With the real estate boom of recent years, many have jumped on the bandwagon and purchasing property of their own. It therefore comes as no surprise that many have fallen into the trap of purchasing real properties which they cannot register in their names, either because they have not secured a Certificate Authorizing Registration (CAR) or the title to the property is bogus.

In other words many still fail to observe the processes prescribed by law. Others exercise due diligence too late, when penalties have already piled up.

On April 17, 2015, the Bureau of Internal Revenue (BIR) circularized the Memorandum of Agreement (MoA) between the Department of Finance, the Department of Justice, the BIR and the Land Registration Authority (LRA) dated Sept. 25, 2013. The MoA aims to plug all loopholes to prevent tax leakage and to properly ensure that all taxes due to the government are collected before registration or transfer of real property is effected by the Register of Deeds (RD). With the MoA, the concerned agencies undertake to expedite the delivery of services to the public and simultaneously, promptly collect the tax due.
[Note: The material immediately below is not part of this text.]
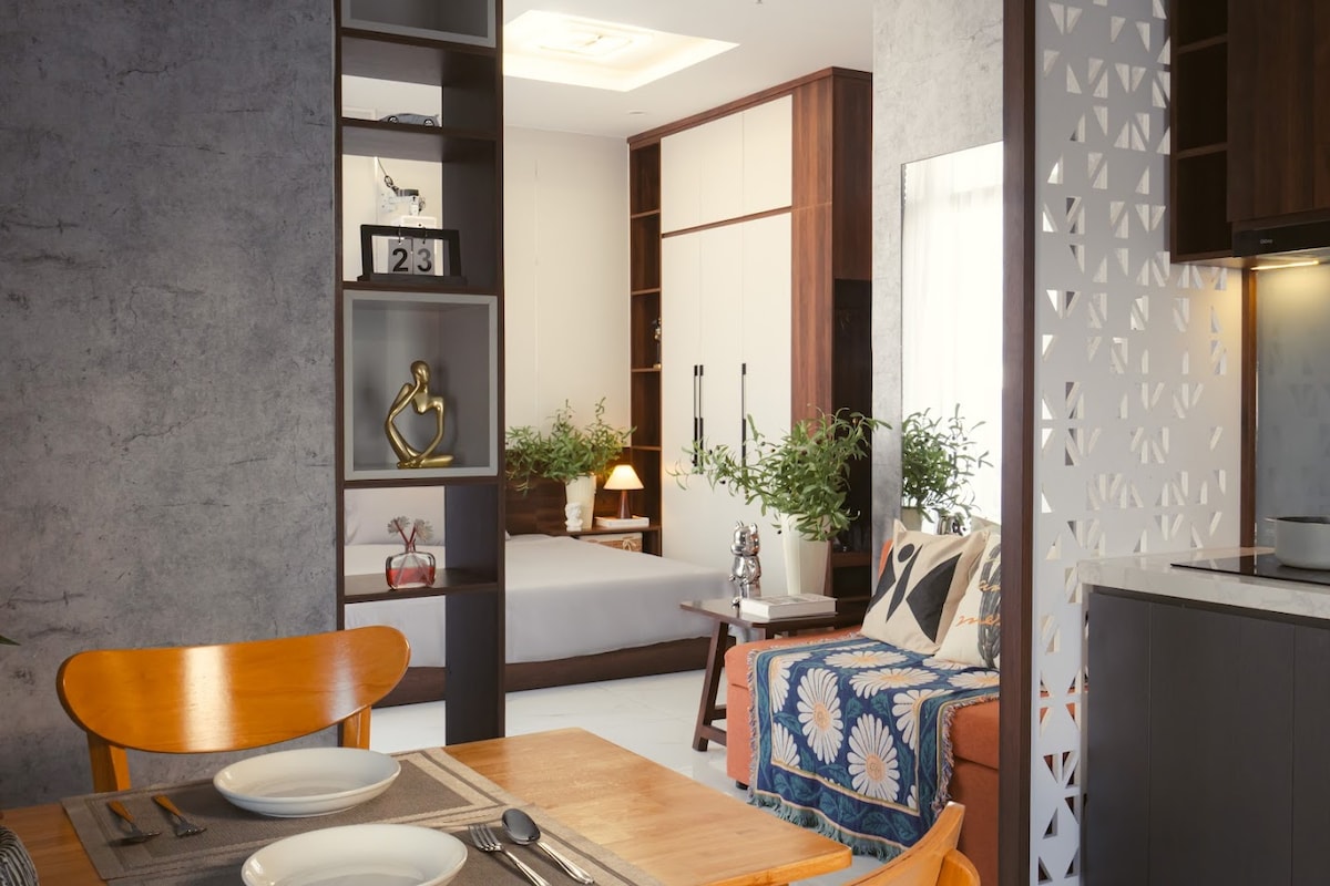 Upplifðu Da Nang frá lofti í þessari björtu og glæsilegu stúdíóíbúð á 4. hæð. Njóttu víðs útsýnis yfir borgina frá einkasvölunum þínum og nægilegs náttúrulegs birtu frá stórum gluggum. Eignin er opin og friðsæl og býður upp á blöndu af minimalískri hönnun og notalegum þægindum. Rúmgóð vinnustöð með þægilegum stól er við gluggann sem veitir þér rólegum og hvetjandi stað til að lesa, vinna eða einfaldlega njóta golunnar. Fullkomið fyrir ferðamenn sem leita að rólegu og nútímalegu lífi nálægt borginni.

The MoA focuses on inter-agency linkages to achieve better monitoring and control over real property transactions. The BIR’s role in achieving the MoA’s goal is to issue CAR, furnish reports on CAR issued and generated online to the RDs for online automated verification as to authenticity by LRA, and receiving and matching electronic reports from LRA on the New Number generated for the newly issued TCT/CCT/OCT.

On the other hand LRA and the RDs are to provide linkage, comparing information relating to all Real Property Transfers against the CARs issued by the BIR. The LRA shall also ensure the development, implementation, and operation of the online automated verification of the CARs presented to the RD through its Land Titling Computerization Project (LTCP). LRA shall also ensure, through the LTCP, the development, implementation, and operation of an automated system that shall provide BIR with monthly electronic reports on new TCT/CCT/OCT, immediately upon their issuance and inclusion.

It is fairly well known that the transfer of a real property requires the issuance of a CAR to the transferor. However, with enhanced communications among agencies, a finding of tax deficiency remains possible even after the real property is registered with the RD under the name of the transferee. To avoid this problem, the transferor must comply with the CAR requirement of the BIR. The parties must know what taxes they will have to pay for.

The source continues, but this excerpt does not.